*** Begin section ***

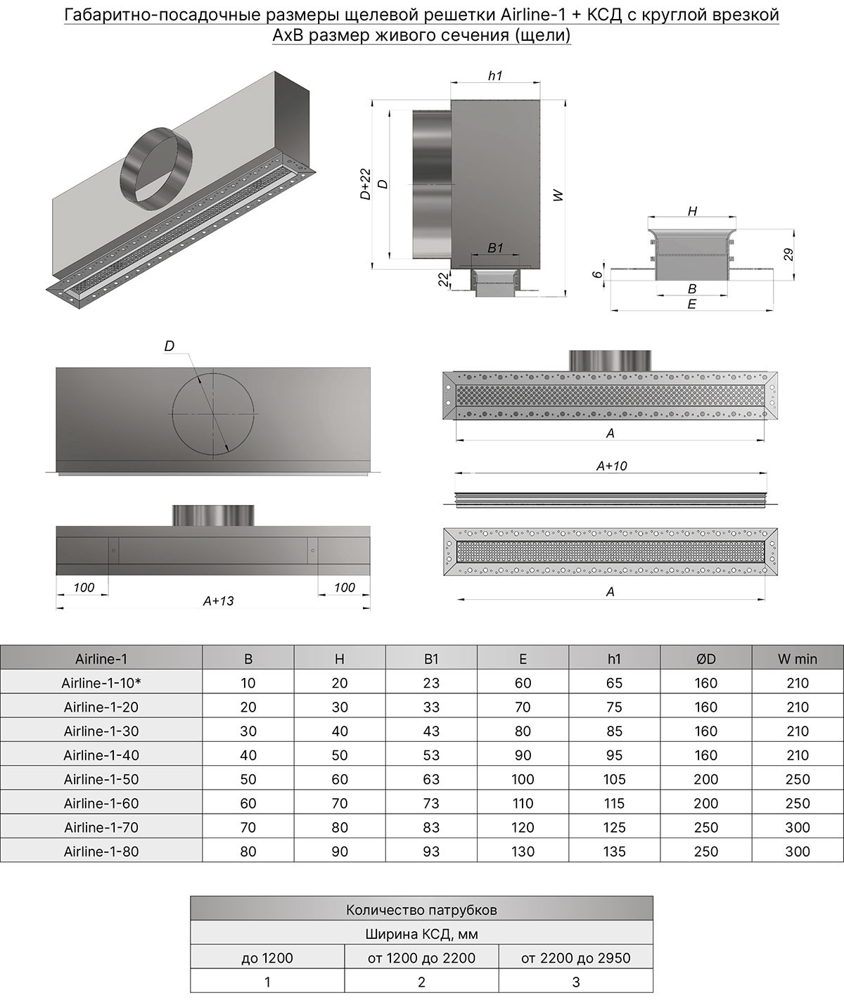 Щелевая скрытая решетка Airline-1 представляет собой декоративную рамку с перфорированной стальной кассетой внутри. После монтажа решетки, видимой частью в помещении остаётся только щелевой слот чёрного цвета. Для удобства монтажа рамка оснащена «полкой» 6 мм под соответствующую толщину гипсокартона или комбинации листов разной толщины. Отверстия в рамке улучшают адгезию финишного материала.
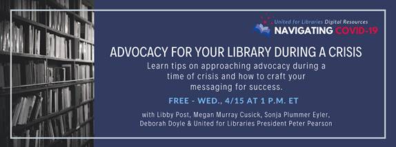 FW: Free United for Libraries webinar on April 15: "Advocacy for Your Library During a Crisis"
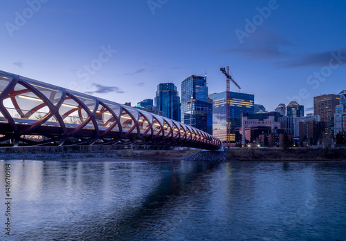 © Jeff Whyte, Naklejka premium Calgary's skyline along the Bow River at sunrise.

*** End section ***

What is being asked =>
Strip the images and return the remaining data exactly.

Response to the task =>
 Щелевая скрытая решетка Airline-1 представляет собой декоративную рамку с перфорированной стальной кассетой внутри. После монтажа решетки, видимой частью в помещении остаётся только щелевой слот чёрного цвета. Для удобства монтажа рамка оснащена «полкой» 6 мм под соответствующую толщину гипсокартона или комбинации листов разной толщины. Отверстия в рамке улучшают адгезию финишного материала.
 FW: Free United for Libraries webinar on April 15: "Advocacy for Your Library During a Crisis"
 © Jeff Whyte, Naklejka premium Calgary's skyline along the Bow River at sunrise.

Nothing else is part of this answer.